As the last semester of my first year of college begins, I have found myself feeling overwhelmed with a lot of repetitive thoughts. The most prominent one being, "What the hell am I doing?" and a little bit of, "Am I going to be good at whatever the hell I decided to do?"
I have been told countless times by family members and older friends that college kids are constantly changing their major and switching up what they want to do. While I can't say that I have any desire to change my major entirely, I have been feeling engulfed by the possibility that I might not be good at what I want to do.
This is a scary thought to have and a thought that holds me back from trying a lot of different things in college. Weird right? Because how am I supposed to figure out if I actually am any good at what I want to pursue if I never get out and actually try it before junior year rolls around?
There is a feeling of intimidation that I feel as well due to the fact that a lot of the people around me are involved in a thousand clubs and have applied for internships.
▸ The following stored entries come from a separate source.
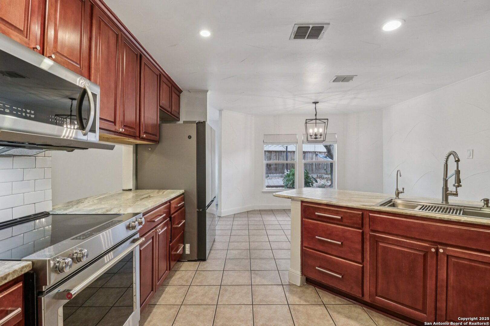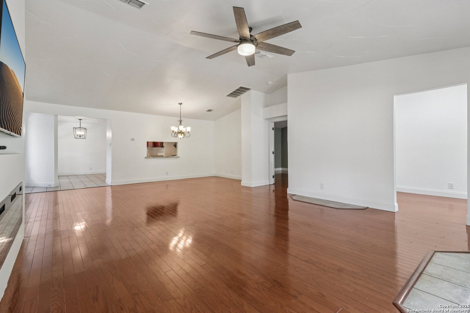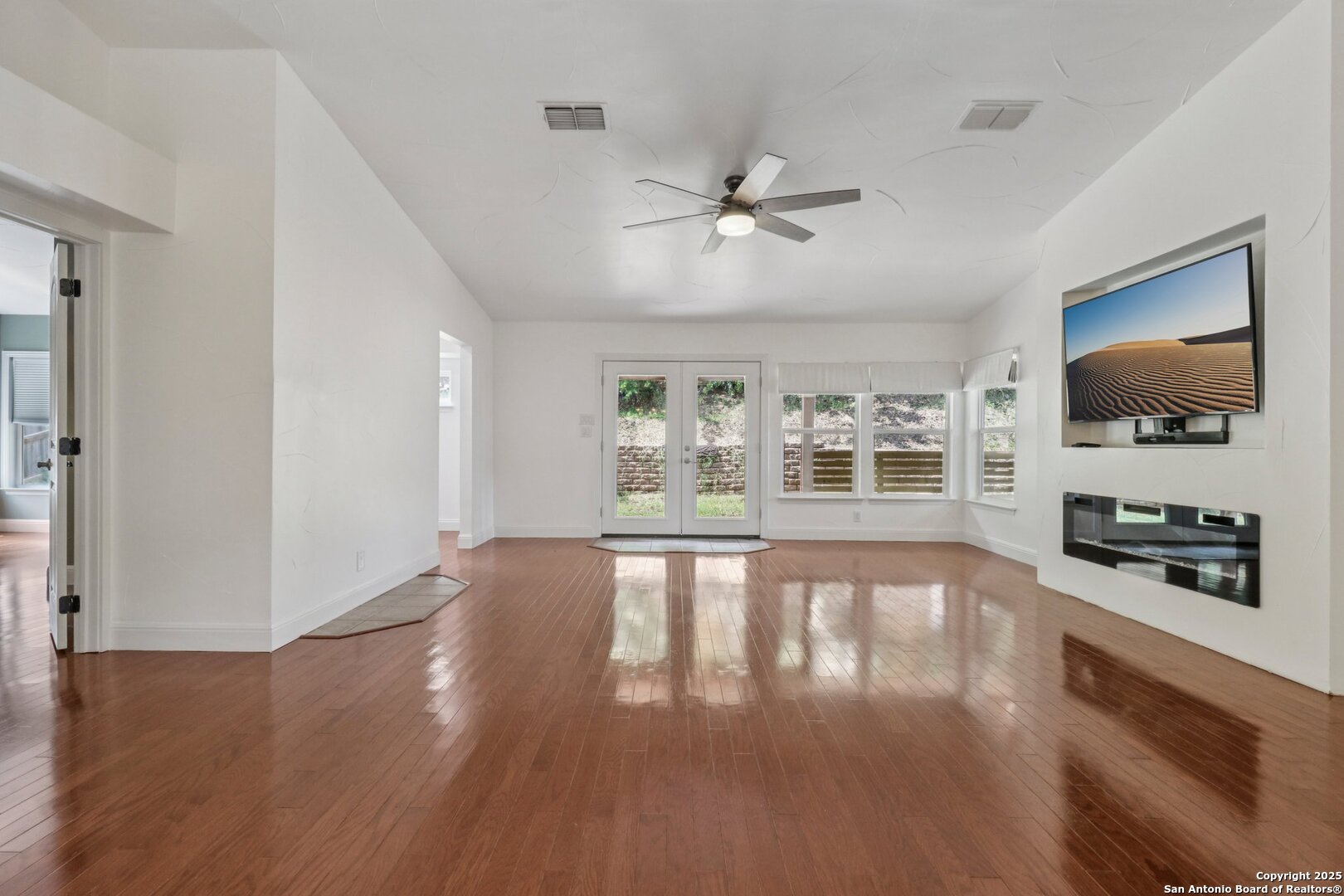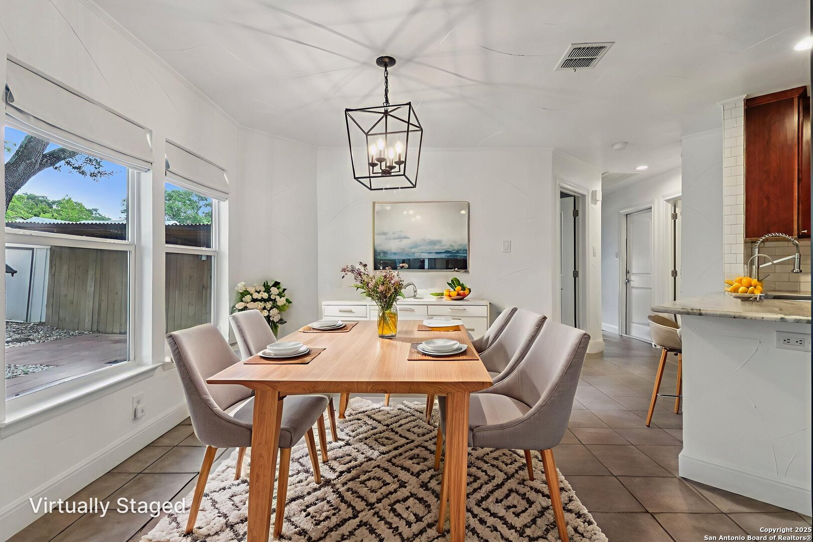 Welcome to 5407 Vista Run - A thoughtfully updated home in a desirable NEISD neighborhood! This beautifully maintained property features a durable metal roof and solar panels, providing energy efficiency and long-term savings. Inside, you'll find fresh interior paint and no carpet throughout, giving the home a clean, modern feel. The kitchen and bathrooms have been recently renovated, offering stylish finishes and functionality. A cozy new electric fireplace and built-in entertainment center create a perfect focal point in the living area, while a small private office provides a quiet space for working from home or managing daily tasks. Additional upgrades include a whole-home water filtration system for clean, healthy water throughout. Situated in a quiet, established neighborhood with quick access to schools, shopping, and major highways, this move-in-ready home combines comfort, efficiency, and convenience.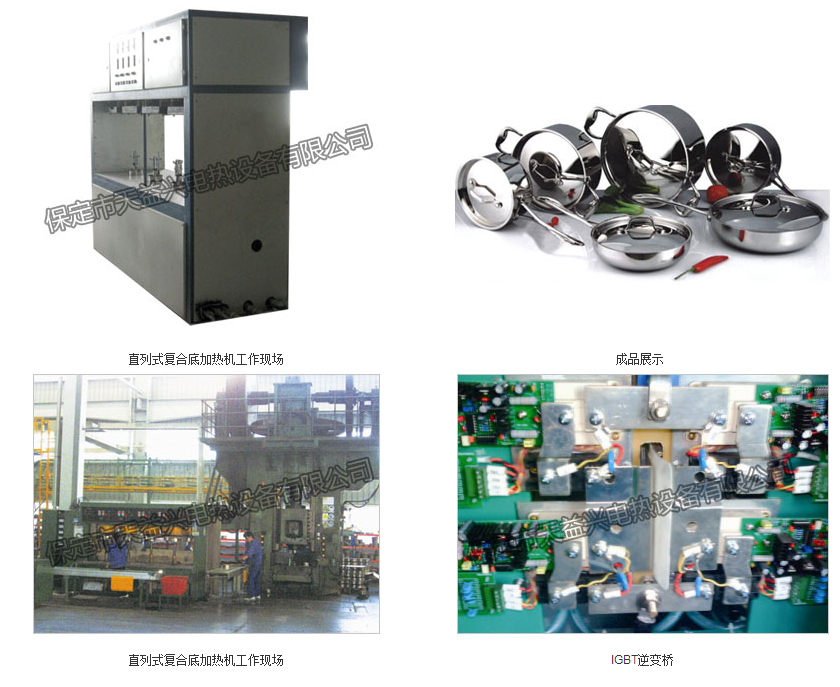 主要用于復合底鍋壓焊前的預熱,與摩擦壓力機配合,可實現復合金屬煲底壓焊工藝,俗稱“打底”。加熱機電源和機床均由微機控制,是由多套微機控制的電氣、機械、氣動一體化技術設備。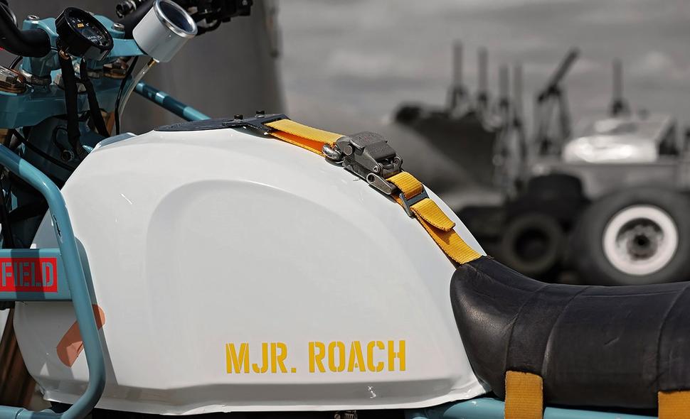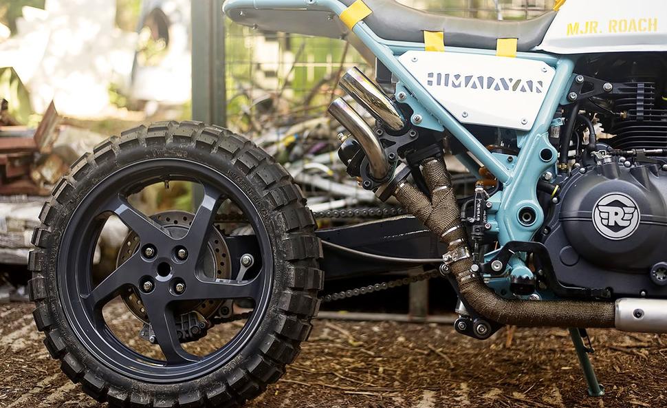 Практически всё, из чего состоит MJR Roach, было взято по сути из мусорки - верней, со склада невостребованных запчастей мастерской, куда попадают заменяемые в процессе ремонта и обслуживания узлы. Например, двигатель они взяли с разбитого и разобранного мотоцикла, а уже под него раздобыли целёхонькое шасси Himalayan. Вилку заменили на заниженную кроссовую, перебрав её и заменив клапана, причём вместе с передней подвеской на проект перекочевало и 21-дюймовое колесо.

That feeling of intimidation leaves me with a sense of defeat.
And then I remember...
I'm just starting my second semester of my freshman year! I don't need to have it all figured out yet and I highly doubt that I'm the only one here that feels overwhelmed. I'm involved in a couple clubs I enjoy and I'm taking advantage of the classes I take to truly figure out what it is I want to do.
So yes, this is intimidating and this is scary, but it's also just the beginning. This is almost a letter to myself, just as a reminder that I will figure it out. I will be great at whatever it is I choose to do. While it is up to me to determine my success during my four years here, I also have four years. That's not an excuse to procrastinate either; it just gives a sense of perspective.
Far too often we create unrealistic expectations and goals for ourselves that we never seem to be able to meet and when we don't meet those goals, we feel discouraged. As the school year continues, I plan to keep things in perspective. To constantly work toward my goal but never give up when I fail and never feel discouraged when I don't feel like I'm making enough progress.
I will get there, I will be successful and it will be wonderful.